> **AIM OF THE EXERCISE**
The expected answer is a verbatim transcription of the lines below, beginning with the first and ending with the line that holds "2、玩家首次进入游戏时会触发教程,需灵活完成教程内容,即可掌握制作煎饼的技巧。", without pictures.

> **DATASET EXTRACT**
####

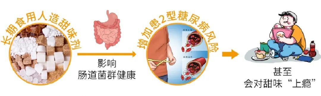 对于人造甜味剂,长期食用可能会影响我们的肠道菌群健康,增加患2型糖尿病的风险,甚至还会影响我们的饮食行为,让我们对甜味更加“上瘾”,想吃更多的甜味食物。
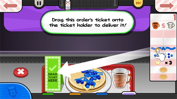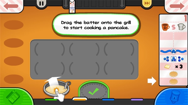 2、玩家首次进入游戏时会触发教程,需灵活完成教程内容,即可掌握制作煎饼的技巧。
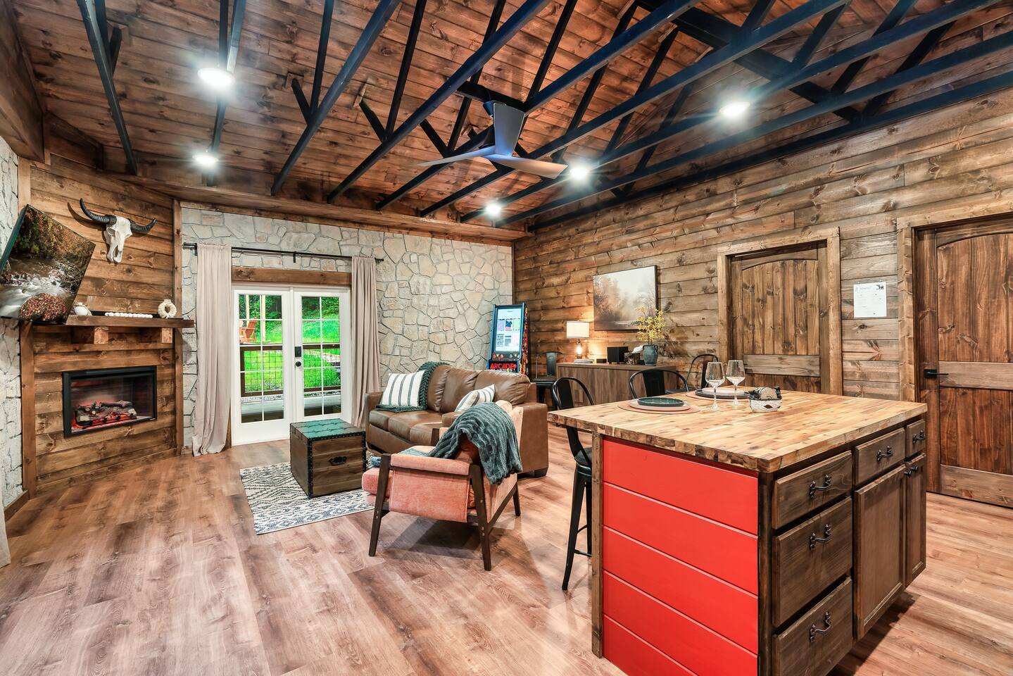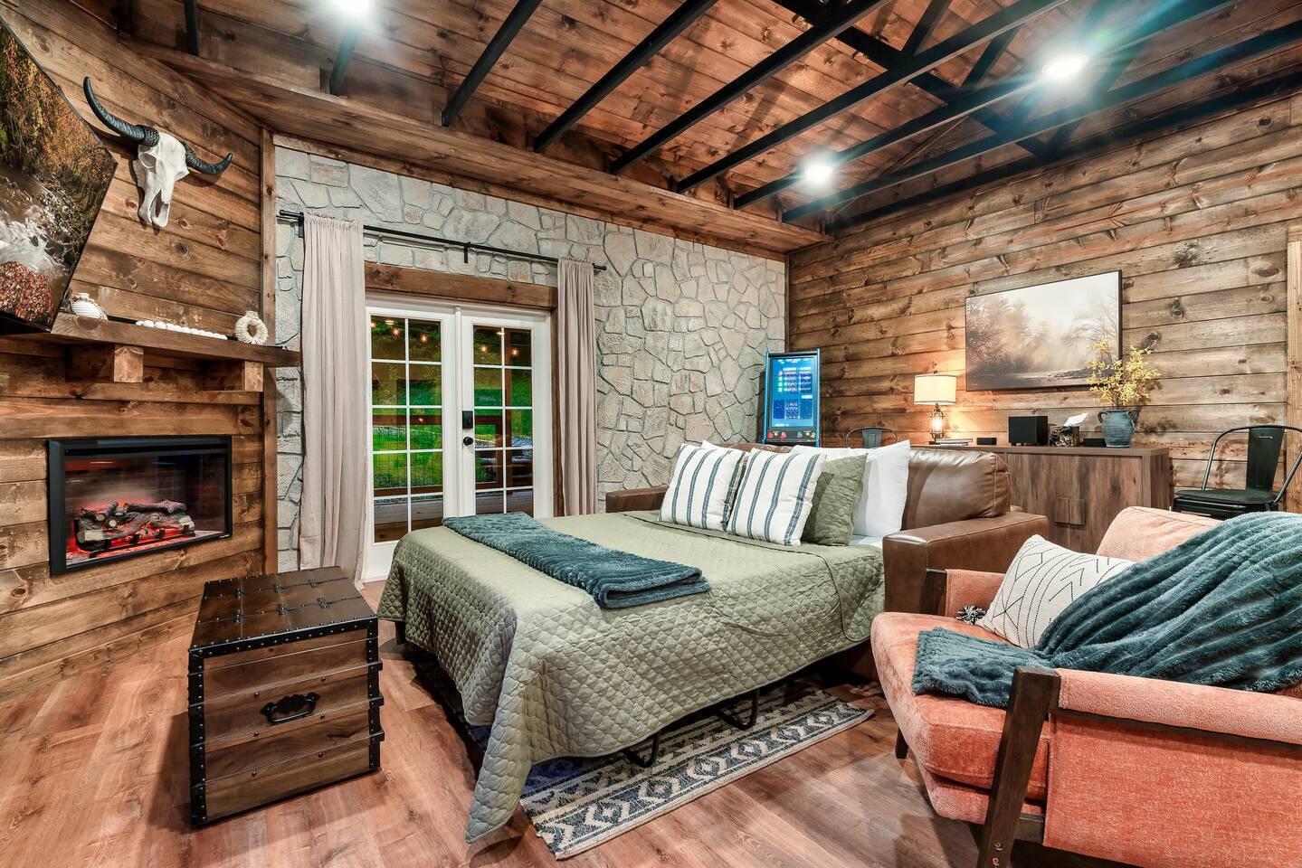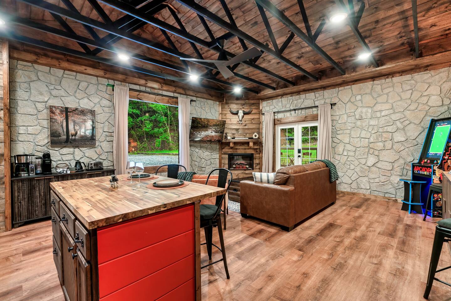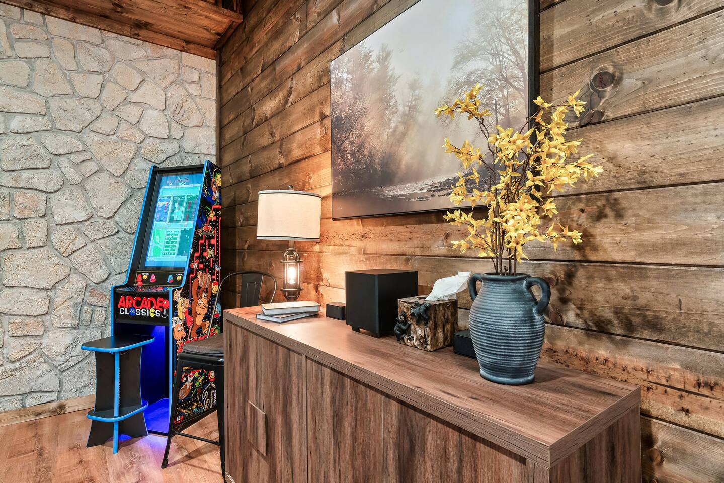 🏠🌲 Welcome to Stone Hollow! 🌲🏠 Our cozy cabin is perfect for a romantic getaway, a small family vacation, or a fun trip with friends. Just a short drive from Dollywood, this charming retreat offers the perfect blend of adventure and relaxation. Unwind in the hot tub after a day of exploring, challenge each other in the arcade, or gather around the fire pit under the stars. With a king-size bed and queen pull-out, our one-bedroom cabin provides a comfortable and memorable stay. ➡️ ENTERTAINMENT 🏊 Private 2 Lounger Hot Tub 🔥 Outdoor Fire Pit (BYO Firewood) ♨️ Park-Style Grill (BYO Charcoal) 🕹️ Multicade 🎲 Board Games 📺 Smart TVs 📶 High-speed Wi-Fi (600 Mbps) ➡️ LIVING ROOM 🛏️ 1 Queen Pull Out Couch 🔥 Electric Fireplace 📺 55" Smart Roku TV ❄️ Brand new AC/heater split unit 🍼 Pack 'n Play ➡️ BEDROOM 🛏️ King Bed 💼 Desk 📺 50" Smart Roku TV 👕 Garment Rack with hangers 🧳 Luggage Rack ♨️ Space Heater ➡️ KITCHEN 👨🍳 Fully equipped with pots, pans, dishware, and cooking utensils ☕ Coffee Station ✨ Keurig Coffee Machine ✨ Drip Coffee Machine ✨ Pour Over ✨ Italian Coffee Machine ✨ We do provide a starter kit of K-Cups, Instant Coffee, Ground Coffee, and Sugar. ➡️ BATHROOM 🛁 Shower/Tub combo 🧺 Washer/Dryer 🥌 Iron & Iron board ✨ Hair Dryer ✨ Essentials

####

> **EXPECTED OUTPUT**
 对于人造甜味剂,长期食用可能会影响我们的肠道菌群健康,增加患2型糖尿病的风险,甚至还会影响我们的饮食行为,让我们对甜味更加“上瘾”,想吃更多的甜味食物。
 2、玩家首次进入游戏时会触发教程,需灵活完成教程内容,即可掌握制作煎饼的技巧。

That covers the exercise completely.